BY LIISA VALIKANGAS AND GARY HAMEL

Introduction

ver the past few decades, Silicon Valley has become the "poster child" of innovation, creating generation after generation of new technologies, products, and services, and inventing whole new industries in the process. Drawn by the lure of success and profit, people and organizations around the world have looked to Silicon Valley as a model of success in the hyper-competitive global economy, and have tried to discover the key elements that make it so economically robust. For example, Saxenian's (1996) study of regional advantage in the technology industry contrasted Silicon Valley's uncanny ability to reconfigure assets and build informal networks to the old workhorse companies like Digital along Boston's Route 128. Seen from a regional perspective, what makes Silicon Valley unique is its dense networks of technical experts and entrepreneurs with access to startup capital who dynamically organize around radical new ideas.

This open market for ideas, capital, and talent is a fertile environment for spawning new businesses and industries and, admittedly, is occasionally susceptible to irrational exuberance (Schiller, 2000). But despite the recent Internet bubble — by no means the first of its kind — the wealth created in the Valley is enormous. During 2000, $80 billion of share options were exercised in California, amounting to 10% of the state's total wages and salaries. Since 1992, Silicon Valley has experienced a net increase of more than 300,000 jobs . It is one of the top metropolitan export regions, and has grown, on average, by over 4% annually in the 1990s — more than double the U.S. growth rate according to the Regional Financial Review.

For most corporations, the open market for innovations characteristic of Silicon Valley is nothing like how their company operates. While the basic elements of ideas, capital, and talent exist to some degree in organizations, there is typically little of the entrepreneurial activity that has made Silicon Valley famous. Just ask: How many new business ideas does an average vice president see during the course of a budgeting year? Probably two or three at most. A Silicon Valley venture capitalist reviews some 50+ business proposals a day. But then, a typical vice president in a Fortune 500 company does not see his or her task as new business creation but running the existing business to meet its annual growth and cost reduction targets. Innovation of the kind we are familiar with in the Silicon Valley is not likely to be on the leadership agenda. When we ask Strategos Institute member companies about innovation, the following barriers are named with remarkable consistency:

• there are few rewards for risk-taking and entrepreneurship;
• resource allocation systems are backward-looking and biased toward legacy rights of existing businesses;
• strategic planning and capital budgeting processes are calendar-driven and do not easily accommodate the pace of emerging opportunities for innovation;
• old mental models about the business dominate and come in the way of new; and
• innovation is often avoided as a competitive threat to the existing business (Strategos Institute, 2000).

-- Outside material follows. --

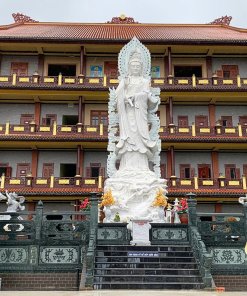 Tác phẩm Quan Âm Bồ Tát hào quang 10m được chế tác từ đá cẩm thạch trắng nguyên khối, chạm khắc thủ công bởi nghệ nhân làng đá Non Nước – Đà Nẵng. Chất đá tuyển chọn có độ bền, khả năng chịu mưa nắng và giữ màu tự nhiên lâu dài; quy trình chế tác thủ công giúp đường nét từ bi, thanh thoát và có “hồn” theo đúng mỹ thuật Phật giáo.
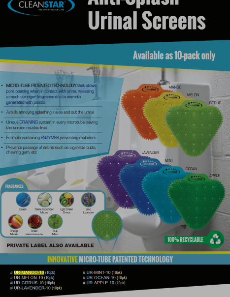 Keep your restrooms fresh and splash-free with CLEANSTAR Anti Splash Urinal Screens. This 10-pack features long-lasting mango fragrance and anti-splash design, ideal for high-traffic commercial bathrooms. Improves hygiene, controls odor, and enhances user experience.

One interpretation of these views is that managing the legacy business is the thing for a corporation to do. One may well argue that this is what corporate hierarchies are built to do: they perpetuate past success by institutionalizing its form (cf. DiMaggio and Powell, 1983, Scott and Meyer, 1994). Shin and Stulz (1998) found, for example, that corporations tend to allocate assets based on a business unit's past cash flow rather than on any assessment of future growth opportunities. In the short term, this may be an entirely reasonable strategy but in the long term, it is likely to accelerate corporate failure. We believe that hierarchies as corporate governance forms are partly to blame for such an under-investment in the future. In this paper, we will explore hybrid arrangements — we call them internal markets — that offer promise for ameliorating some of the more obvious hierarchical shortcomings in innovation.